“…there is a playful randomness about what we find and read. Or rather, what finds us”
When I first rekindled my interest in songwriting and music again, sixteen or seventeen years ago, I began hanging out in music stores, playing the guitar again and digging out songs from my memory and on faded notebook paper from years ago. One day, a worker in the store I frequent most, Fretted Instruments of Birminghm, said, “Are you just starting to explore the discography?” I had just said that “I was getting into bluegrass music” and that was his reply.
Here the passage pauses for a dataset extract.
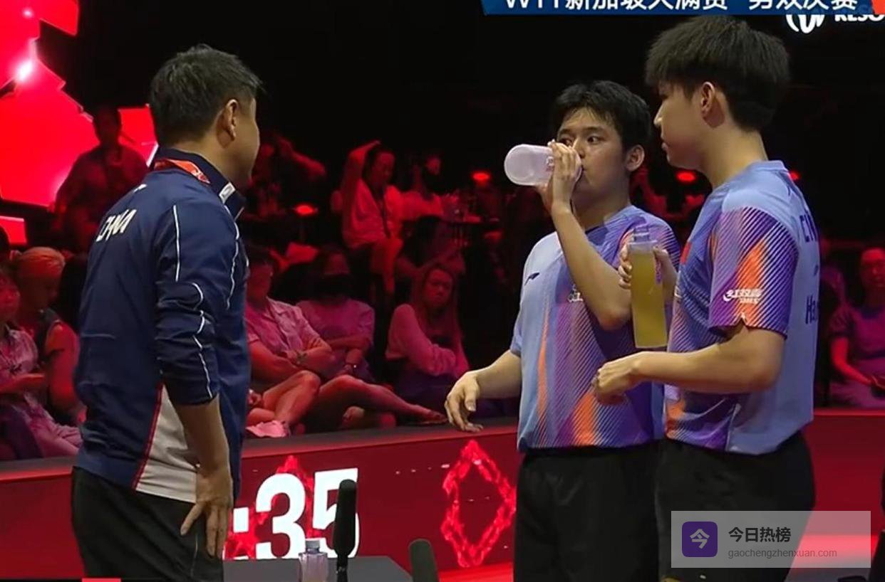 第二局,背水一战的国乒组合做出了调整。 他们开局打得更加主动,取得了2-0、3-1的领先。 然而好景不长,勒布伦兄弟迅速适应了节奏,连得数分,以4-3反超了比分。 场边的中国教练王皓果断请求了暂停。 这是五局三胜的赛制,0-1落后再丢一局,局面将极为被动。

I began to delve into just that—listening, going to shows, scooting to Nashville now and then. I bought a collection of Bill Monroe’s music. Over the coming years, I heard a lot of music live—Bruce Hornsby, Ricky Skaggs, Nickel Creek, J. D. Crowe, Earl Scruggs, Vince Gill, as well as a lot of lesser-known but excellent players and singers coming through the Station Inn in Nashville or here in Birmingham, especially at the old Moonlight Music Café and it’s descendant, Moonlight on the Mountain. I listened to all kinds of music, leading me back to the Carter family, rekindling my love for Johnny Cash, Merle Haggard, Willie Nelson, but also eventually delving back to my own eclectic roots in James Taylor, the Beatles (naturally), gospel music, hymnody, classical musick and the serendipity of albums I happened to buy at certain times.
It’s a little like books—there is a playful randomness about what we find and read. Or rather, what finds us. Somebody tells us about a book they love, or something they came across while reading something else.

Whatever interests you will eventually lead you forward and backwards, into new ideas, but also back into all that preceded it and explain it. As technology has made more and more available, it is possible for anyone with a computer to go and find all sorts of interesting musical ancestors. So for me, “exploring the discography” was going to graduate school. It led me first to my initial interest, bluegrass, but then on to jazz, blues, soul, R&B, folk, gospel, old-time, and all sorts of fusions.
The intersections can be quite interesting. There are purists, of course, who insist on telling all the rest of us what we are supposed to like, and they are in every genre, but both the honoring of the past and the acceptance of the new have a place at the table of creation. In recent times, I find myself going back again. Perhaps an inevitable preference of aging, you want to re-touch meaning from the past. But I also think there is another rich vein of possibility unearthed when we cease from our worship of “novelty,” (which often turns out merely to be unconscious borrowing or worse) and revisit the discographies of the world. What we find is that, even if the work of art or song or words we read before are exactly the same, we no longer are. We hear differently each time.
A little backward exploration enlightens you to know that everything is borrowed and reassembled. Monroe forged together old-time music with gospel, country, blues and other streams to create bluegrass. The Carter family recorded and handed down hundreds of songs that came from families and groups in the hills that had been sung for generations “by our people” and commercialized it as country music. The great classical composers always stood on the shoulders of others. The old becomes new when it is rediscovered and reqppropriated.
“The Road Less Traveled” is one way to live. But there is value in traveling the road we have walked a hundred times with new eyes and ears. It can be an astounding discovery of something we never saw in the first place. So what is back there for you? It may not be music, but something that keeps yielding fruit for you may still be waiting where you left it.
Hey Gary,
This is very good. We share an eclectic appreciation for a variety of music. I had not thought about the point you made concerning when we return to a book or a piece of music [or poetry], that it is never quite the same because we have changed. I thought about that and remembered those times. Sometimes the piece became more special, or special in a slightly different way. Other times, I wondered what I saw in it the first time around! Anyway, thanks for continuing with your blog.
One question. I sent out an email to the Trinity Group about our website. I had tried to access it in order to load a sermon on Communion, but couldn’t open it. I asked if we had lost the website or what? Only faithful Fisher responded saying basically that he didn’t have a clue (that’s a paraphrase). Do you have any ideas about it. I wondered if there was an annual fee and that we just let it lapse. Basden and I were the only ones to use it regularly. I would have used it more had more of the group joined in, but I didn’t want the name Trinity Group to be associated with just my stuff. Anyway, is it gone?
Peace, LaMon
Dear Gary,
Well written and following a vein of thought I’ve been considering. I read an article in the New York Times regarding whether or not we really have free will or are we just a product of our experiences. Even when we do something unusual or “outside the box”, this also might just be a response to something we remember.